# INFORMATION:
==========

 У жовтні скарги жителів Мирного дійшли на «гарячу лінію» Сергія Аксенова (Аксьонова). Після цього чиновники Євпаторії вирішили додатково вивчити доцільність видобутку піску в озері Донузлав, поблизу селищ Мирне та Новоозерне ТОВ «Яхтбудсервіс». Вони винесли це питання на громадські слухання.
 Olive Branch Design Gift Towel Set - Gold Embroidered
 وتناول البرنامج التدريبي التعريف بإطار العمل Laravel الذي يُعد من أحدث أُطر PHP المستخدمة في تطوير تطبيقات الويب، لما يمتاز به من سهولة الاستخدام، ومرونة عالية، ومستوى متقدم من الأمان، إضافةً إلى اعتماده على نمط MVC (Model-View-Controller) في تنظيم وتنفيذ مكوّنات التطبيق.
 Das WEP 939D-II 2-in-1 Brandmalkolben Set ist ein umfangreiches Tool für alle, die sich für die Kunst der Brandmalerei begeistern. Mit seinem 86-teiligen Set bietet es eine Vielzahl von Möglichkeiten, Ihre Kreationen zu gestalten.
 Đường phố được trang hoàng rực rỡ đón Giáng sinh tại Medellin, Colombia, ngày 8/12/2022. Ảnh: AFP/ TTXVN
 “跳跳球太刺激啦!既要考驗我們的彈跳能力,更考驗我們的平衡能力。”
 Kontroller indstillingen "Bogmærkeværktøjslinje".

==========

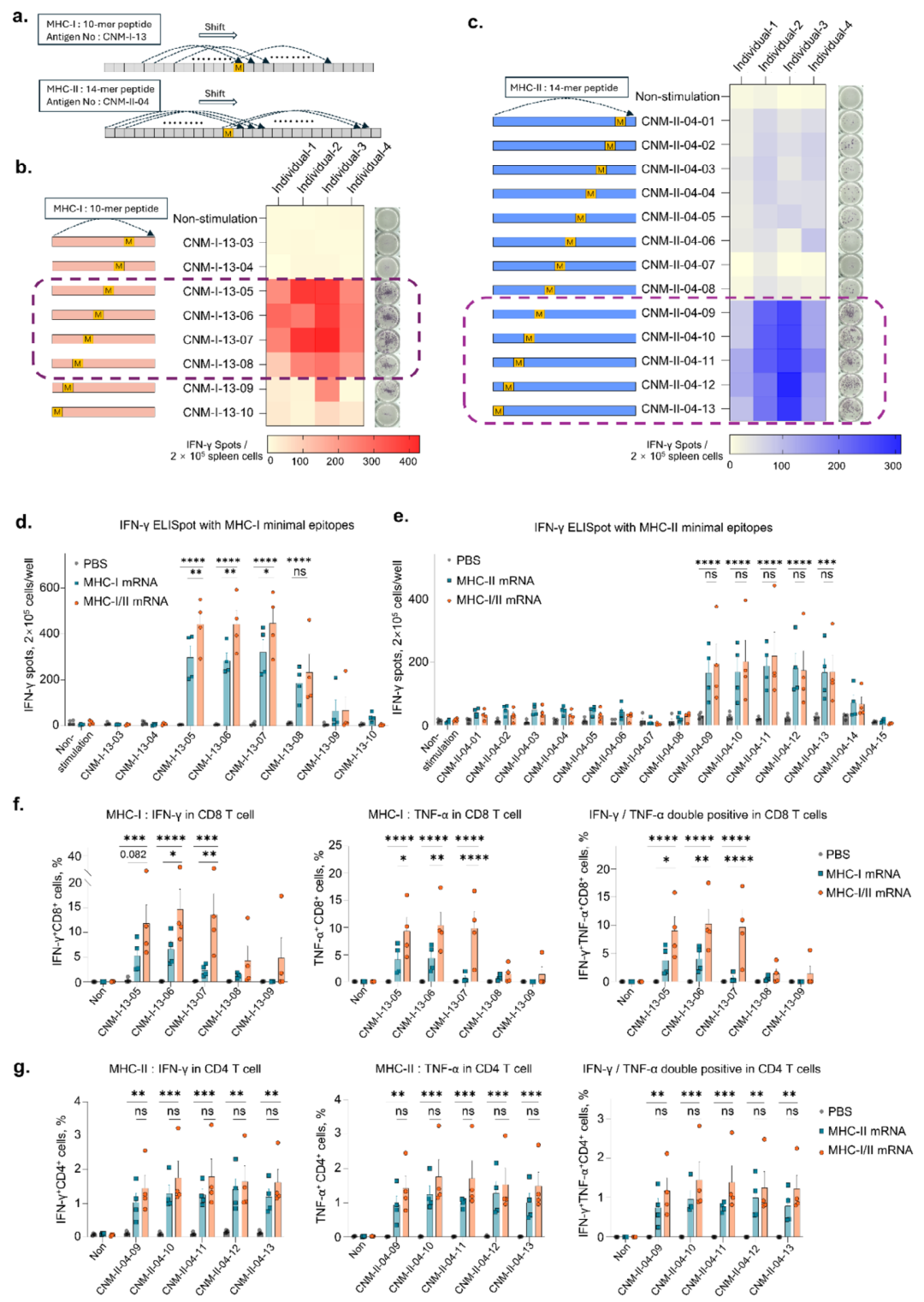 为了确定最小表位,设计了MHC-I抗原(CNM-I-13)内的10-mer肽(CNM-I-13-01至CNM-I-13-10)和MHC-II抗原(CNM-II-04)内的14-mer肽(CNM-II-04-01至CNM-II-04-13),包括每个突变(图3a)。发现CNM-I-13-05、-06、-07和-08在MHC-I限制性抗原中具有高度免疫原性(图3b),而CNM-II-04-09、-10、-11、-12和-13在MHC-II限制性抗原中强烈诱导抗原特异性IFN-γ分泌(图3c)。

==========

# WHAT IS BEING ASKED:
Above this instruction are the records; retype exactly the lines from the one containing "У жовтні скарги" up to and including the one containing "Olive Branch Design".

# EXERCISE OUTPUT:
 У жовтні скарги жителів Мирного дійшли на «гарячу лінію» Сергія Аксенова (Аксьонова). Після цього чиновники Євпаторії вирішили додатково вивчити доцільність видобутку піску в озері Донузлав, поблизу селищ Мирне та Новоозерне ТОВ «Яхтбудсервіс». Вони винесли це питання на громадські слухання.
 Olive Branch Design Gift Towel Set - Gold Embroidered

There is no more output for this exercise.